● **What to produce**: A word-for-word copy of the data, pictures excluded, is what this task asks for.

● **Data section**:
········

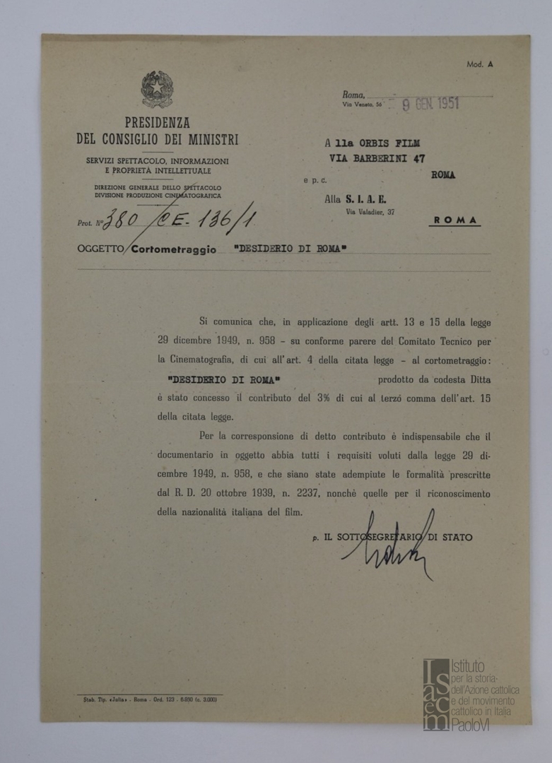 Comunicazione dell'avvenuta concessione di un contributo per il cortometraggio "Desiderio di Roma". Dattiloscritto
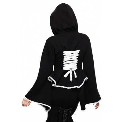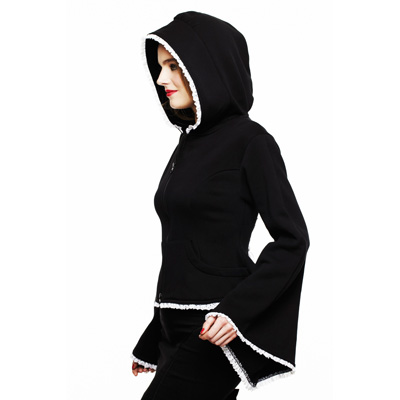 Kimono sudadera con capucha en color negro con encajes blancos.
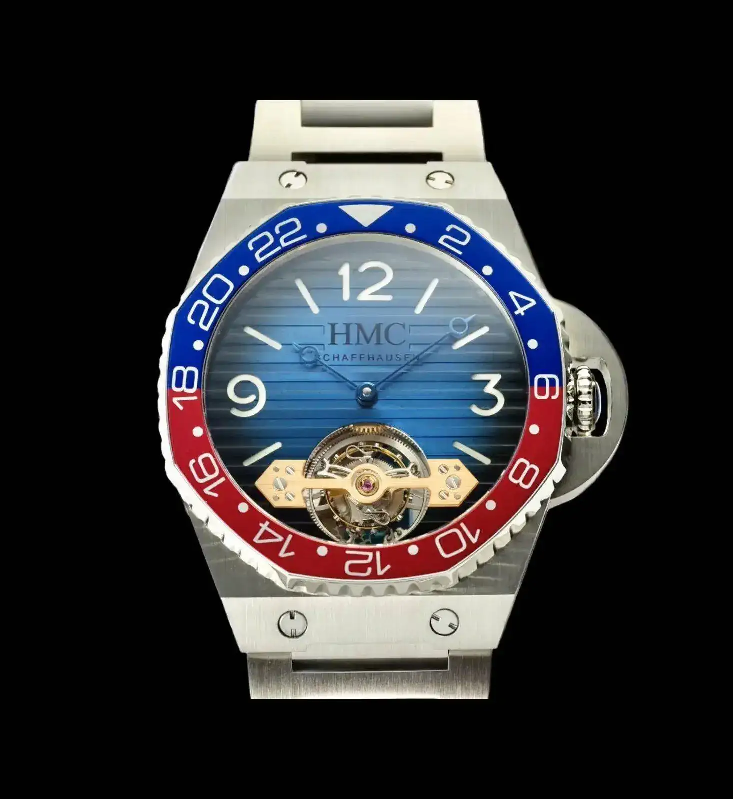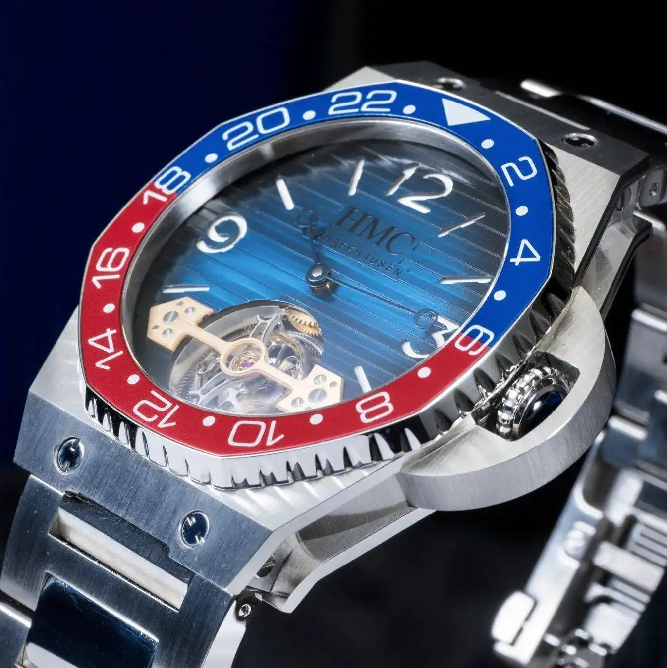 Es un H. Moser & Cie modelo Swiss Icons. Una pieza única que hicieron para el SIHH y que después se subastó.Qué magnífico ejemplo de refrito infumable. Un ejercicio de valentía y desvergüenza relojeril que pasará a los anales de la escatología universal.Es difícil... Ya lo puse por aquí una vez, pero eso va cambiando...
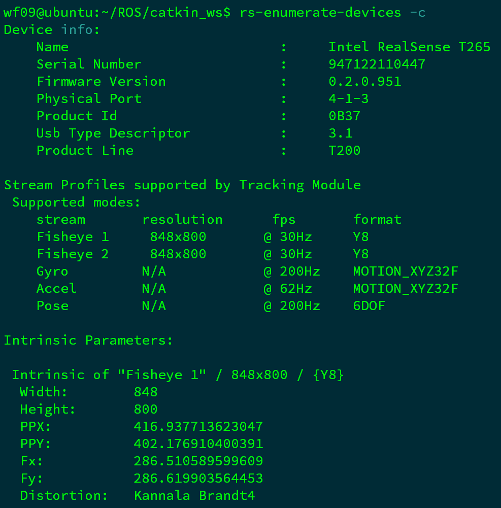 T265在出厂前就对相机进行了标定,每个相机内部都带有相机的内参和外参,终端输入以下命令,即可读取T265的配置信息

········

● **Output**:
 Comunicazione dell'avvenuta concessione di un contributo per il cortometraggio "Desiderio di Roma". Dattiloscritto
 Kimono sudadera con capucha en color negro con encajes blancos.
 Es un H. Moser & Cie modelo Swiss Icons. Una pieza única que hicieron para el SIHH y que después se subastó.Qué magnífico ejemplo de refrito infumable. Un ejercicio de valentía y desvergüenza relojeril que pasará a los anales de la escatología universal.Es difícil... Ya lo puse por aquí una vez, pero eso va cambiando...
 T265在出厂前就对相机进行了标定,每个相机内部都带有相机的内参和外参,终端输入以下命令,即可读取T265的配置信息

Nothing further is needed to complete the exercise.